Des salariés de l'association d'aide à domicile de personnes âgées (ADPA) dépendantes sont en grève pour protester contre des conditions de travail dont des économies demandées à ces agents. C'est un conflit qui devrait mobiliser bien au-delà de la situation actuelle pour 4 raisons fondamentales :
1) Sur le fond, le maintien à domicile de personnes âgées dépendantes est l'un des défis majeurs des prochaines années. Un retard considérable a été pris dans un département comme l'Isère sur l'installation d'unités de proximité à dimension humaine pour accueillir dans de bonnes conditions des personnes âgées dépendantes sans casser le lien avec leurs familles. Par conséquent, financer l'assistance à domicile est une absolue nécessité.
2) Face à ce constat humain, social, de bon sens, il est demandé à ces salariés des économies "mesquines" totalement disproportionnées par rapport aux grands équilibres budgétaires. Prenons des exemples concrets. Chaque année :
– le Département verse 5 millions d'euros au déficit de l'aéroport Grenoble – Isère pour que des britanniques viennent skier quelques jours dans des stations iséroises,
– le Département dépense des millions d'euros pour des communications de propagandes éphémères dont un journal départemental d'auto-promotion très peu lu alors même qu'Internet pourrait largement être suffisant,
– des budgets de fêtes et cérémonies ou des frais de protocole battent des records,
…
et le Département demande aux salariés en question de voir leur indemnité kilomètrique de remboursement baisser de 5 cents d'euros alors même que le prix de l'essence à la pompe grimpe à des sommets !
Peut-être qu'avec le parc pharaonique de voitures de fonction (tous organismes publics locaux cumulés : plusieurs centaines !) les élus en question ne savent même plus que l'essence à la pompe augmente puisque ce sont les contribuables qui payent. Mais c'est là un exemple d'un fonctionnement intolérable de l'impôt public.
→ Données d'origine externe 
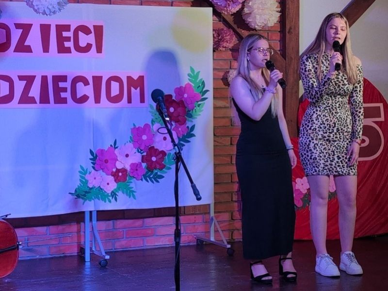 • Dwie dziewczyny na scenie, śpiewające przez mikrofon na tle plakatu z napisem Dzieci-Dzieciom

Le Club 20 va prochainement présenter un document technique sur les économies proposées dans les structures locales. Bon nombre des fonctionnaires rencontrés pour préparer ce document sur les bases les plus sérieuses possibles nous donnent actuellement un repère simple : 30 % d'économies pourraient actuellement être effectuées sans que les usagers de services publics fondamentaux ne voient changer le service rendu concrètement.
Le conflit de l'ADPA c'est le choc du CAC 40. Une cassure entre une élite qui échappe au bon sens, qui renonce à l'exemple mais qui impose la "sécheresse" à d'autres. Des situations de ce type sont inadmissibles et c'est un combat de justice financière qui échappe aux clivages politiques traditionnels.